Data excerpts
^^^^^^^^^^^^^^^^
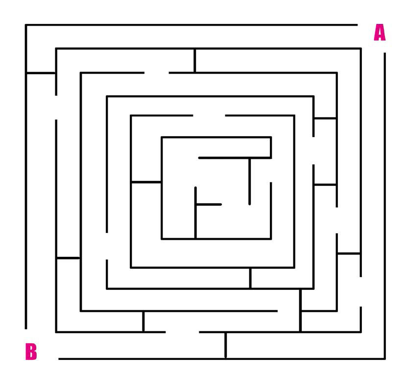 这是一个非常简单的迷宫,小朋友,想一想,你能从A走到B吗?又能走出多少种路线呢?
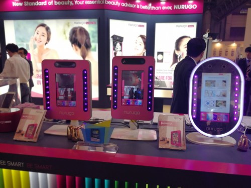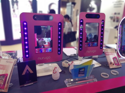 Nurugo is Korean biometric tech manufacturer Virditech’s beautytronics brand: a range of skin analyzer/diagnostic tools which are really cool. First there is the UV Protection Screen Mirror which shows you the state of your skin’s UV protection – the parts of face, neck, hands, whatever that are exposed to the sun without any protective cream or stick appear white, skin areas that ARE protected appear in black. This big mirror you see in the two pics below is a B2B product, designed for stores and salons. There is also a portable version which plugs into your smartphone.
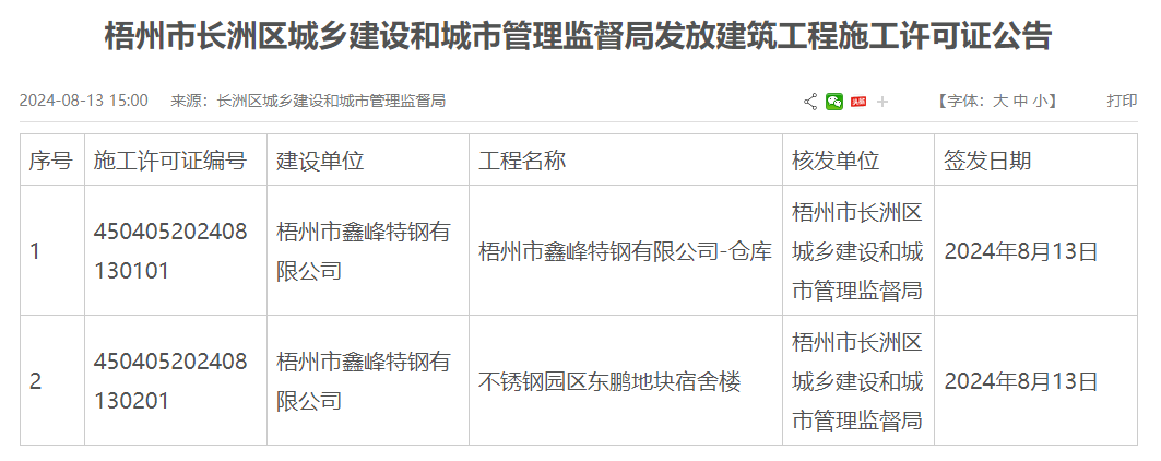 時間:08/16/2024 08:37:528月13日,梧州市鑫峰特鋼有限公司不銹鋼倉庫及不銹鋼園區東鵬地塊宿舍樓建設獲建筑工程施工許可證。
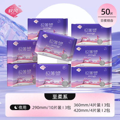 软风研究社 至柔天鹅绒卫生巾 夜用组合 8包50片 (290mm10片*3包+360mm4片*3包+420mm4片*2包)
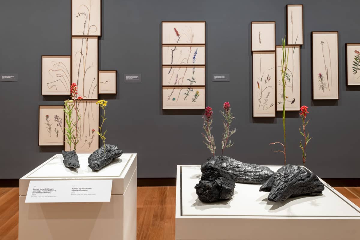 “Burned log with flower” is one of the pieces on display at the “Trespassers: James Prosek and the Texas Prairie” exhibit at the Amon Carter Museum of American Art. Photo courtesy of Amon Carter Museum of American Art
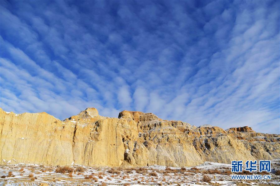 11月26日拍攝的新疆福??h烏倫古湖海上魔鬼城景區(qū)美景。福??h烏倫古湖海上魔鬼城景區(qū)位于新疆阿勒泰地區(qū)福??h吉力湖東岸,有著獨(dú)特的雅丹地貌和水域景觀,是當(dāng)?shù)刂穆糜蝿俚?。新華社記者沙達(dá)提攝
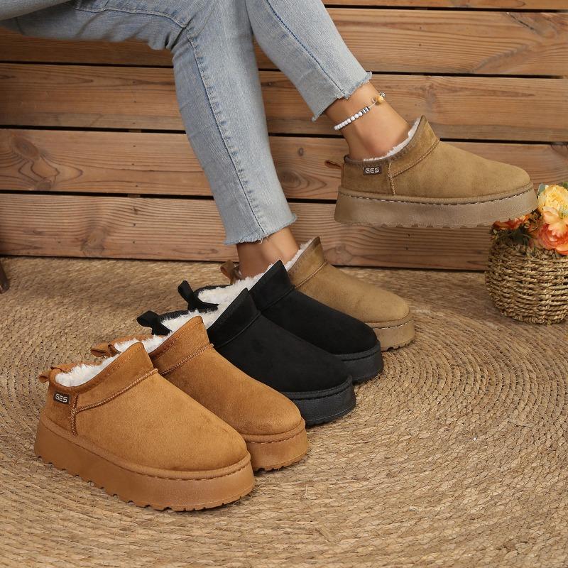 Damen Chunky Plateau Schneestiefel - Runde Zehenpartie Schlupf-Stiefeletten mit Plüsch-Faux-Fur-Futter für den Winter, Gemütliche Retro-Stiefel
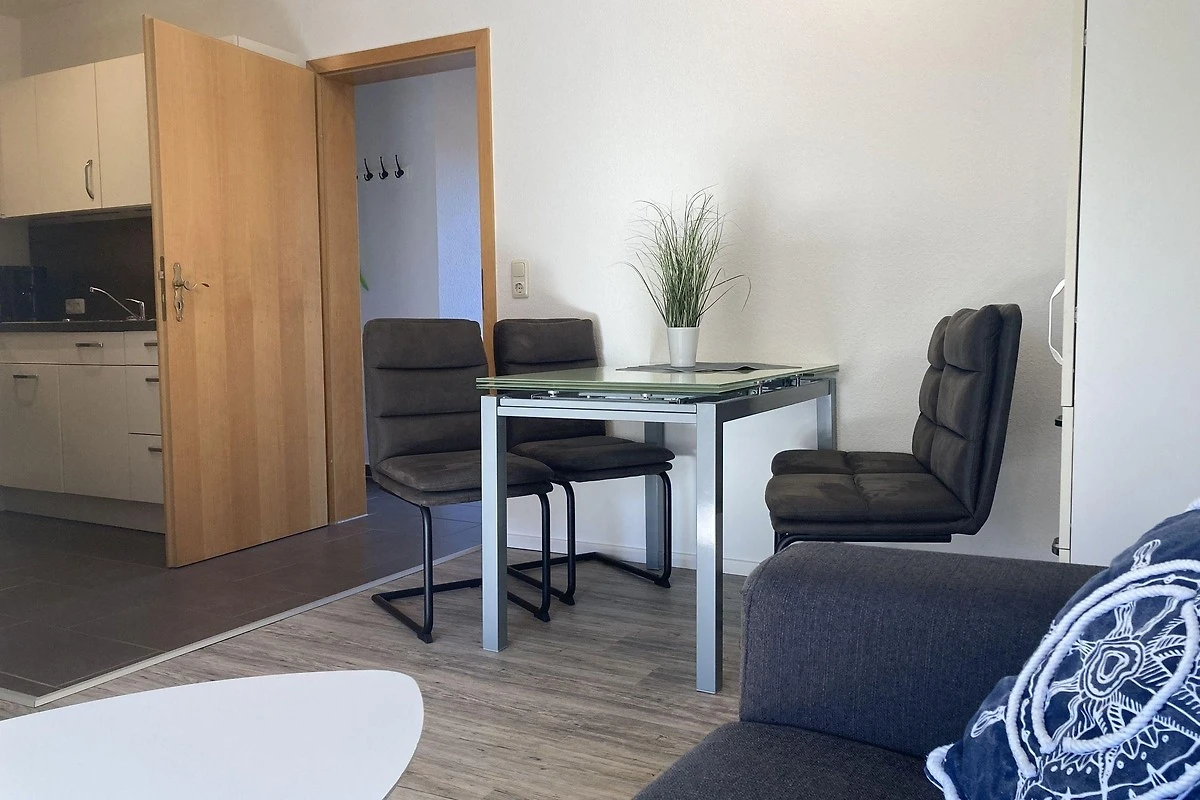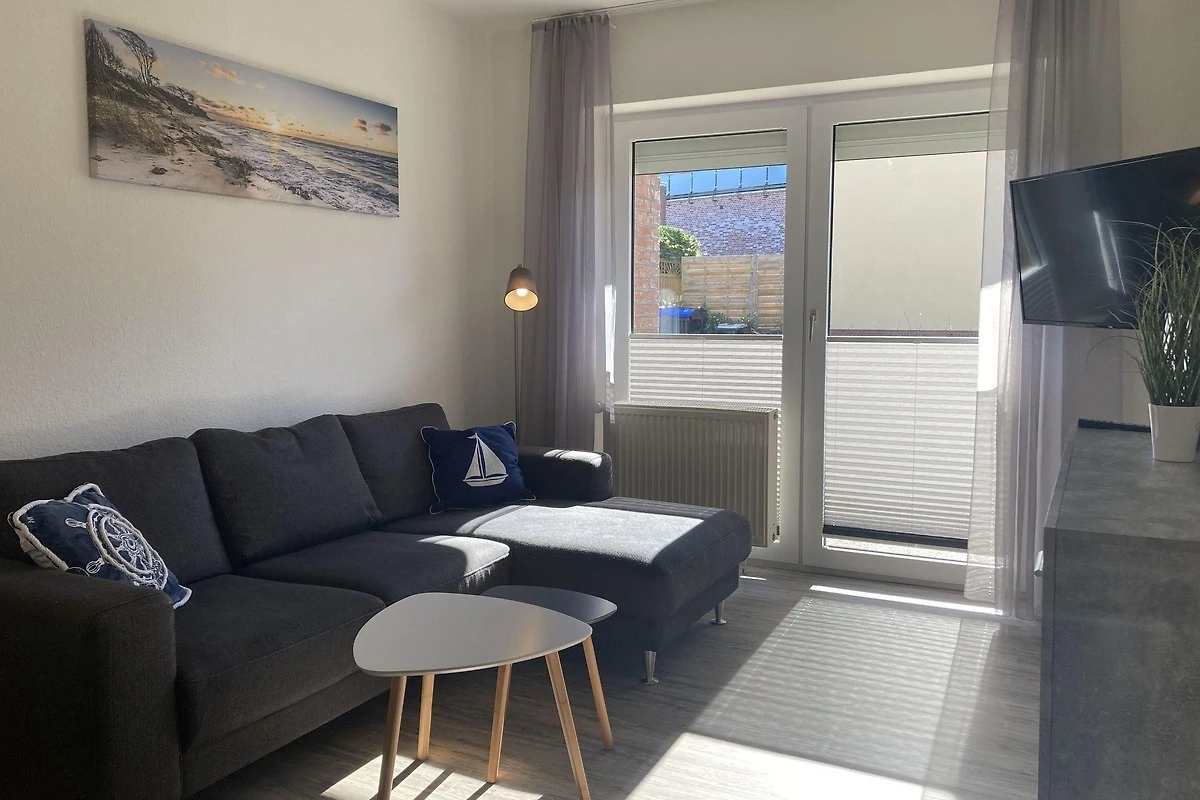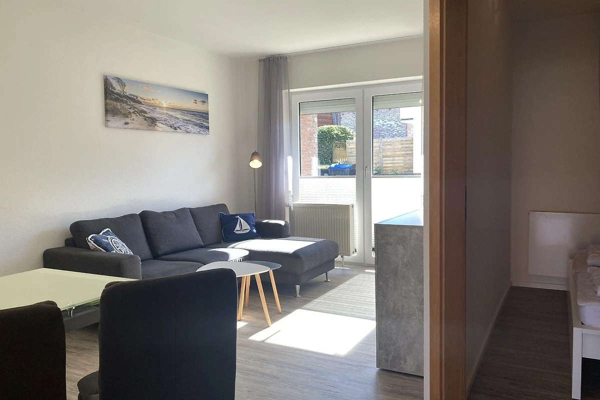 Familienfreundliche Ferienwohnung im Erdgeschoss mit Terrasse und zwei Schlafzimmern. Pkw-Stellplatz direkt am Haus.
^^^^^^^^^^^^^^^^
PROBLEM: Leaving out all pictures, print exactly the lines above from the one containing "Nurugo is Korean" through the last line of the entries.

ANSWER:
 Nurugo is Korean biometric tech manufacturer Virditech’s beautytronics brand: a range of skin analyzer/diagnostic tools which are really cool. First there is the UV Protection Screen Mirror which shows you the state of your skin’s UV protection – the parts of face, neck, hands, whatever that are exposed to the sun without any protective cream or stick appear white, skin areas that ARE protected appear in black. This big mirror you see in the two pics below is a B2B product, designed for stores and salons. There is also a portable version which plugs into your smartphone.
 時間:08/16/2024 08:37:528月13日,梧州市鑫峰特鋼有限公司不銹鋼倉庫及不銹鋼園區東鵬地塊宿舍樓建設獲建筑工程施工許可證。
 软风研究社 至柔天鹅绒卫生巾 夜用组合 8包50片 (290mm10片*3包+360mm4片*3包+420mm4片*2包)
 “Burned log with flower” is one of the pieces on display at the “Trespassers: James Prosek and the Texas Prairie” exhibit at the Amon Carter Museum of American Art. Photo courtesy of Amon Carter Museum of American Art
 11月26日拍攝的新疆福??h烏倫古湖海上魔鬼城景區(qū)美景。福??h烏倫古湖海上魔鬼城景區(qū)位于新疆阿勒泰地區(qū)福??h吉力湖東岸,有著獨(dú)特的雅丹地貌和水域景觀,是當(dāng)?shù)刂穆糜蝿俚?。新華社記者沙達(dá)提攝
 Damen Chunky Plateau Schneestiefel - Runde Zehenpartie Schlupf-Stiefeletten mit Plüsch-Faux-Fur-Futter für den Winter, Gemütliche Retro-Stiefel
 Familienfreundliche Ferienwohnung im Erdgeschoss mit Terrasse und zwei Schlafzimmern. Pkw-Stellplatz direkt am Haus.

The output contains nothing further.